I'm constantly perplexed by the sensational headlines claiming this or that breach resulted in millions of credit cards being stolen. After all, cyber criminals can access your financial information, including your credit card data, almost at will.
As a matter of fact, I'm almost happy when my credit card gets caught up in a large, publicly known data breach. That means I'll get free credit monitoring for one or more years and my credit card, which has more than likely been compromised several times since it was issued, will be replaced with a new one and will be a bit more secure -- until the next breach.

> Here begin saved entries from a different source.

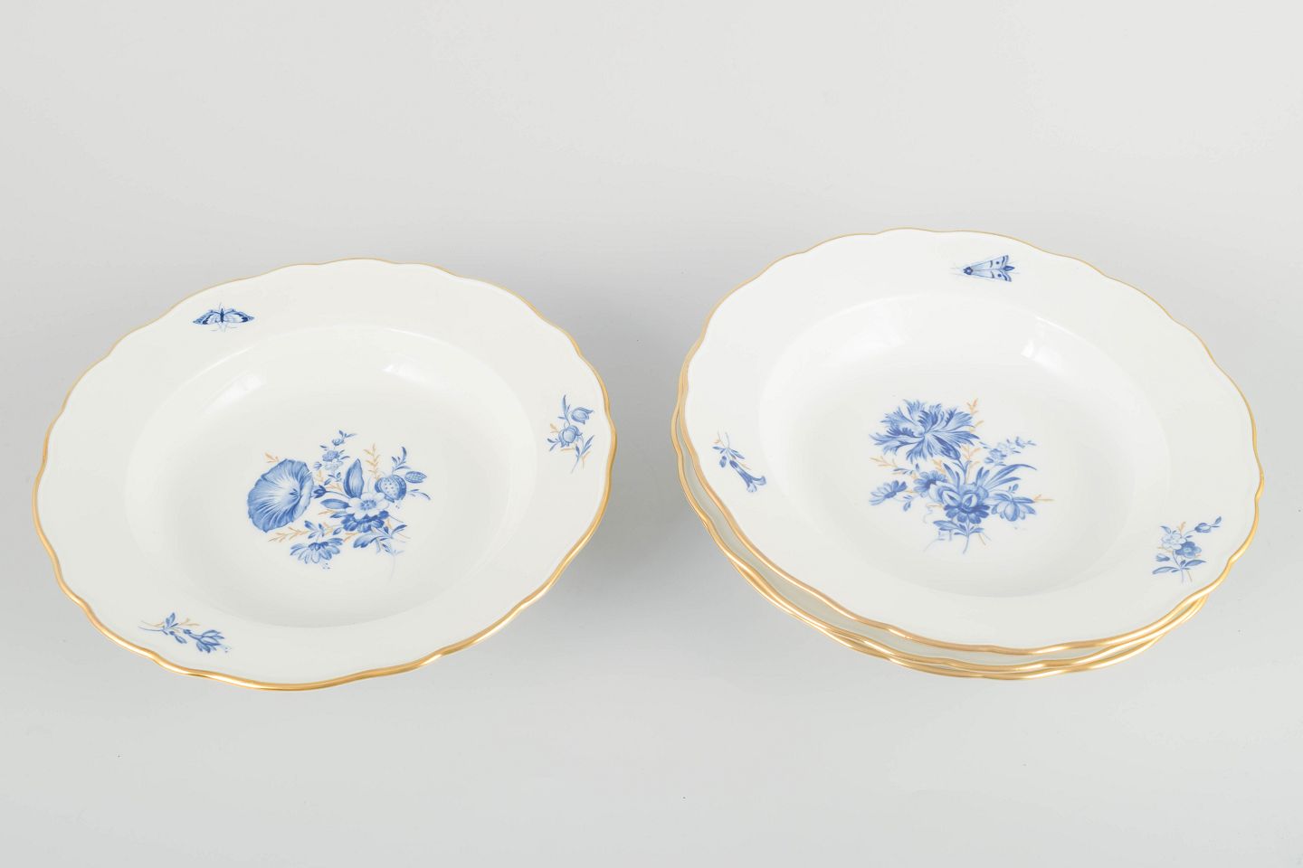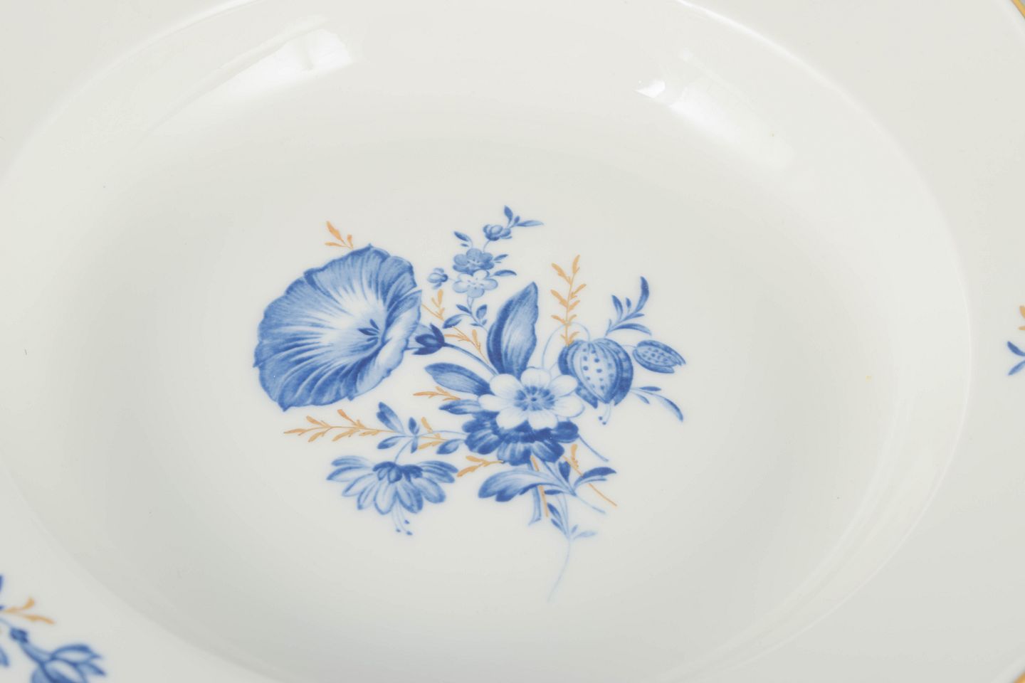 Hånddekoreret porcelæn med håndmalet blå blomsterdekoration og forgyldte stafferinger langs kanten. Klassisk bølget form.
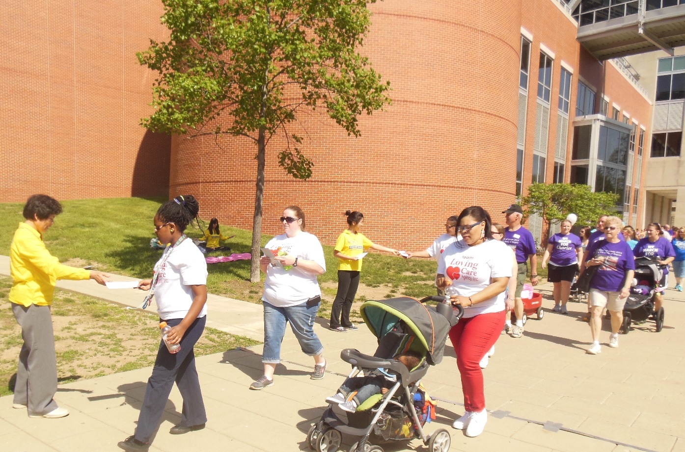 一位刚从国内来探亲的老人,接过学员的材料后,微笑致谢。他说:“法轮功的真相我在国内就知道。共产党说的都是假的。中共强摘法轮功学员器官,太邪恶了。我们一家早就三:退.(退出中共党、团、队,简称‘三:退.’)了。”
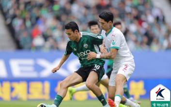 어느 팀도 승리를 양보하지 않았다. K리그1에서 가장 뜨거운 기세를 자랑하는 전북 현대와 대전하나시티즌이 우열을 가리지 못했다.전북과 대전은 6일 오후 2시 전주월드컵경기장에서 열린 하나은행 K리그1 2025 12라운드에서 1-1로 비겼다.앞서 3연승을 질주했던 두 팀 모두 기대했던 4연승이 좌절됐다. 순위표는 변동이 없었다. 대전(승점 27)이 K리그1 12개 팀 중 1위, 전북(승점 22)이 2위를 유지했다.홈팀인 전북으로서는 아쉬움이 진하게 남을 한판이었다. 대전보다 한 경기를 덜 치른 전북은 이겼다면 승점 차를 2로 좁힐 수 있었다. 무엇보다 송민규-콤파뇨-전진우로 이어지는 공격진이 분전하며 상대보다 좋은 기회를 여러 번 만들었지만, 여느 때와 달리 골 운이 따르지 않았다.무승부 기운이 짙어지던 후반 43분에는 ‘승리의 파랑새’인 전진우가 선제골을 만들었는데, 그 기쁨이 오래가지 않았다. 대전이 후반 48분 김인균의 득점으로 승부를 원점으로 되돌렸고, 얼마 지나지 않아 종료 휘슬이 울렸다. 전북 선수들은 머리를 감싸 쥐는 등 아쉬움을 감추지 못했다. 두 팀 모두 기세가 사그라지지 않은 것은 아쉬움 속 수확이다. 전북은 리그 8경기 무패(5승 3무), 대전은 5경기 무패(3승 2무)를 이어가며 최악의 결과는 피했다.불과 사흘 전 경기를 치른 두 팀의 베스트11은 대조적이었다. 조직력을 강조한 거스 포옛 전북 감독은 직전 FC서울전과 동일한 라인업을 내세웠다. 반면 대전은 K리그1 득점 선두인 주민규를 벤치 멤버로 두고, 안양과 데뷔전에서 골 맛을 본 2007년생 공격수 김현오에게 공격을 맡겼다.시즌 초반 선두권 싸움에서 기세를 가져올 한판이었던 만큼, 양 팀은 치열하게 맞붙었다. 전북의 공세가 돋보였지만, 대전도 전반 13분 김현욱이 노 마크 상태에서 슈팅을 때리는 등 절호의 찬스를 만들었다. 김현오도 상대와 몸싸움을 마다하지 않는 등 의욕적인 자세로 뛰었지만, 전반 36분 켈빈과 교체되며 일찍이 경기를 마쳤다. 대전은 후반 14분 김인균과 주민규를 투입하며 전방에 힘을 줬다. 전북도 후반 21분 벤치에 있던 티아고, 에르난데스, 이영재를 한꺼번에 넣으며 총공세를 예고했다.좀체 열리지 않을 것 같던 골문은 후반 43분이 돼서야 열렸다. 전북 박진섭의 롱패스를 티아고가 페널티 박스 안에서 받았고, 이때 뒤따라 들어오던 전진우가 볼을 낚아채 수비수를 제치고 왼발로 골망을 갈랐다. 하지만 후반 48분 임종은의 패스를 받은 김인균이 전북 수비수를 제치고 때린 슈팅이 골키퍼 송범근 가랑이 사이를 통과해 골네트를 흔들었다. 누구도 승전가를 부를 수 없었다.전주=김희웅 기자 2025.05.06 16:12

Each year, tens to hundreds of millions of private records are compromised. You can see for yourself what's publicly known. That same source, Privacy Rights Clearinghouse, claims that 863 million records have been breached since 2005.
As high as the credit card abuse rates may seem, not everyone is a victim every year. Readers often ask me if what I say is true and my credit card number has probably been stolen, why hasn't it been abused? Two likely reasons:
- Your credit card issuer, or someone else in the financial transaction loop, spotted the fraudulent activity and stopped it before you were aware of it.
- The bad guys sell hundreds of millions of credit card numbers each year and yours simply didn't get sold.
Besides, they can't commit fraud against hundreds of millions of cards at once. Otherwise, someone in power would actually do something to minimize online credit card theft.
We don't spend money to kill gnats. Today's Internet thieves thrive only because they know they're merely a nuisance to the credit card issuers -- just overhead, a cost of doing business. If fraud actually caused substantial damage to credit card issuers and banks, the entire system would be transformed.